Ну за что, скажите, цепляться в этом худосочном Эсе после подобных слов? К тому же эти премьеры всегда начинаются так поздно, будто артисты и художники вовсе не работают! В общем, Кюллики была крайне недовольна. А потом Эса как бы с ленцой и очень по-эстетски, не отрываясь от Ню глазами, дескать, ничего, ничего, — протягивал свои длинные ухоженные пальцы к бутылочке «Лаппенкульте». Отчего Кюллики еще больше стеснялась своих ненакрашенных обломанных ногтей и прятала их вместе с посиневшими от холода ладонями под свисающим с плеч шарфом. Ведь Эса замечал самые незначительные вещи. Например, он уже более получаса разглядывал родинки на шее этой Ню.
— Смотри, у меня родился экспромт! — сказал Эса и тут же продекламировал:
Да, Эса очень любил пить пиво «Лаппенкульте» (Золото Лапландии) и делать культ из самых незначительных на первый взгляд вещей. Например, черные квадратики на шее у Ню на картине под названием «Мадонна и ее ребеночек», очень почему-то напоминающие Кюллики обыкновенных мух, самому Эсе напоминали концепцию.
— Эса, а мне сегодня снился сон про тебя, — вкрадчиво, пытаясь отвлечь внимание Эсы от другой женщины, прошептала Кюллики.
— Да? И что же это был за сон? — как бы с ленцой интересуется Эса, продолжая внимательно разглядывать черные квадратики на шее мадонны, списанной Кистти с жены и рафаэлевской картины одновременно.
— Это был сон про книги, которые ты написал или, возможно, напишешь. Они такие красивые, Эса! Но их разрушает какая-то неведомая, страшная сила.
— Я знаю, о чем ты говоришь, — зевнув, словно с ленцой, заметил Эса. Эта та самая сила, что подкидывает мне во сне идейки, подталкивает меня написать книги, которые никто и никогда не сможет постигнуть.
— Почему, Эса?
— Потому что эта сила подкидывает мне идейки огромной разрушительной силы. Это очень страшные идеи, и никто, кроме нас двоих, не увидит их красоты.
После этой фразы Эсы Кюллики чуть не поперхнулась, потому что слова культового журналиста уж очень походили на предложение.

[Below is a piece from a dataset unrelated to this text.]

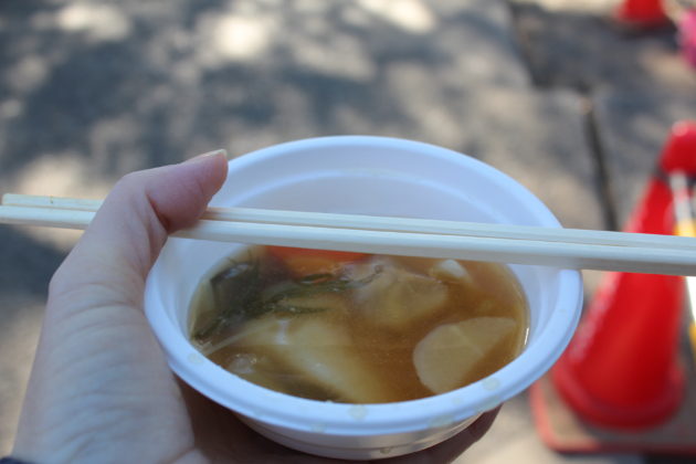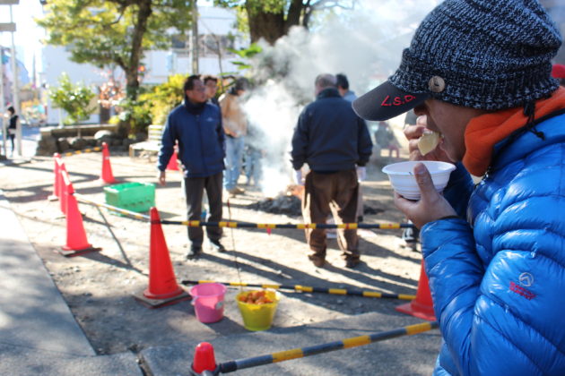 日曜はしっかりお休みいただいて朝から近くの神社で「昔遊び」に参加しました。町内でやっている恒例行事で、境内ではすいとんを作って食べたり焼き芋したり、ゴムでっぽう、駒回し、社務所ではリリアン、ちりめん細工、毛糸あそび、行儀作法と言ってお茶を点てていただくお部屋もあります。全部ご近所の方が子供たちに教えてくれて用意してくれるので、とっても人気。今年は特に大勢人が来ていた気がします。高騰中のお野菜もやはり町内の方の畑から譲ってくれたので、とてもおいしい「すいとん」が頂けました。

— Кроме нас двоих, Эса? — переспросила Кюллики, дотронувшись пальцами до вспотевшего, рельефного, словно бутылка из-под «Лаппенкульте», лба Эсы.
— Да, кроме меня и… — Тут Эса как ни в чем не бывало протянул руку еще к одной бутылочке пива, хотя был уже от выпитого достаточно вялым, совсем как мокрая половая тряпка. — И еще, может быть, этого паразита Тайсто…

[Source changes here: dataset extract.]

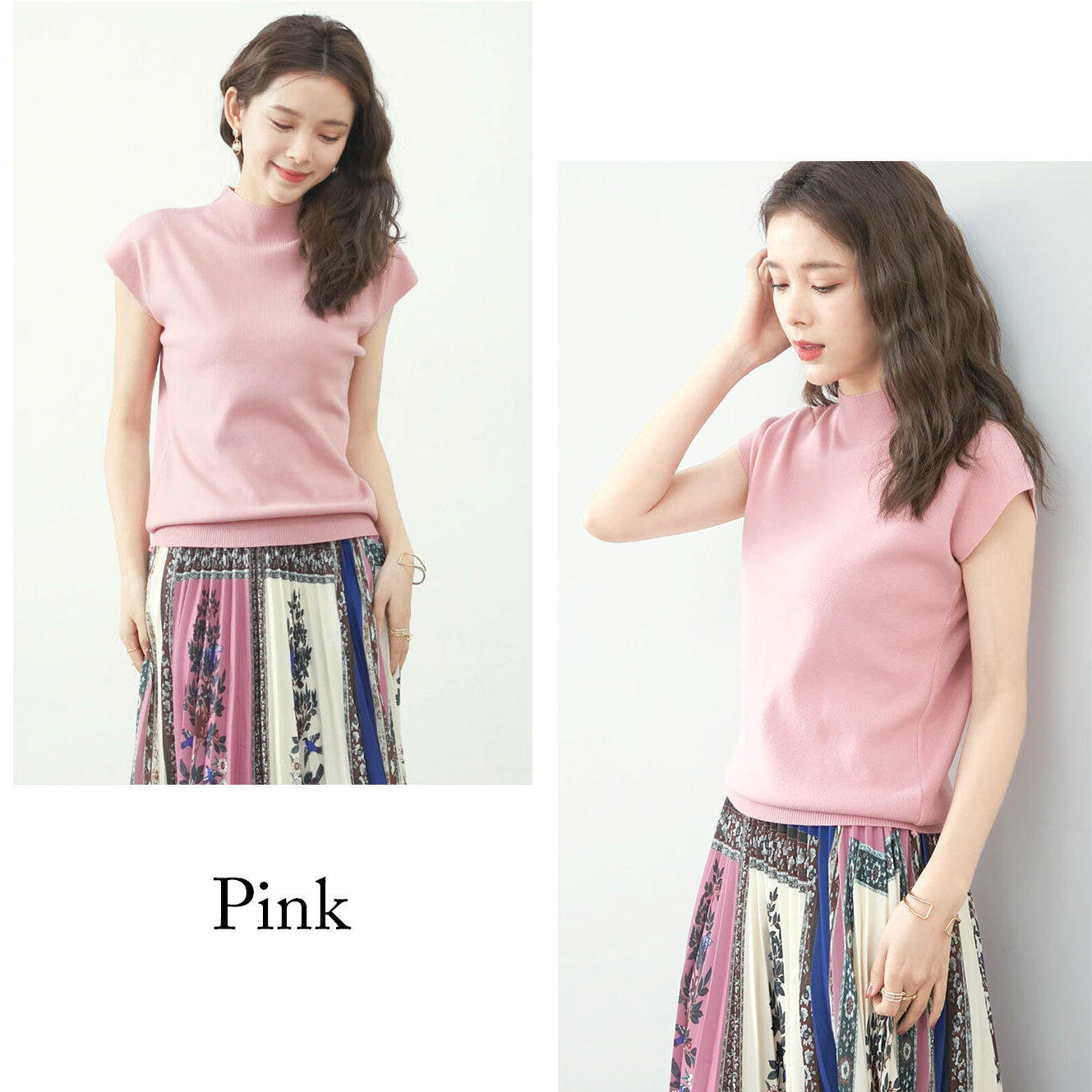 【フレンチ袖ハイネックニットトップス 7カラー M〜L】

— А скажи-ка, Эса, почему ты возишься именно со мной? — спросила Кюллики после минутного шокового оцепенения. — Ведь я такая глупая, не то что Тайсто. Ведь я ничегошеньки не понимаю из того, что ты пытаешься мне втолковать.
— Эта сила — она сводит меня с ума, — продолжал твердить свое, словно войдя в транс и уже не обращая внимания на Кюллики, Эса. — Она преследует меня по ночам и не дает мне покоя даже сейчас. — С этими словами он отхлебнул порядочный глоток «Лаппенкульте», и на его лбу высупили такие же крупные капли, какие были на гладком стекле оттаявшей бутыли.
Но, даже когда Эса напивался «Лаппенкульте», он не предпринимал никаких шагов в сторону сближения с Кюллики.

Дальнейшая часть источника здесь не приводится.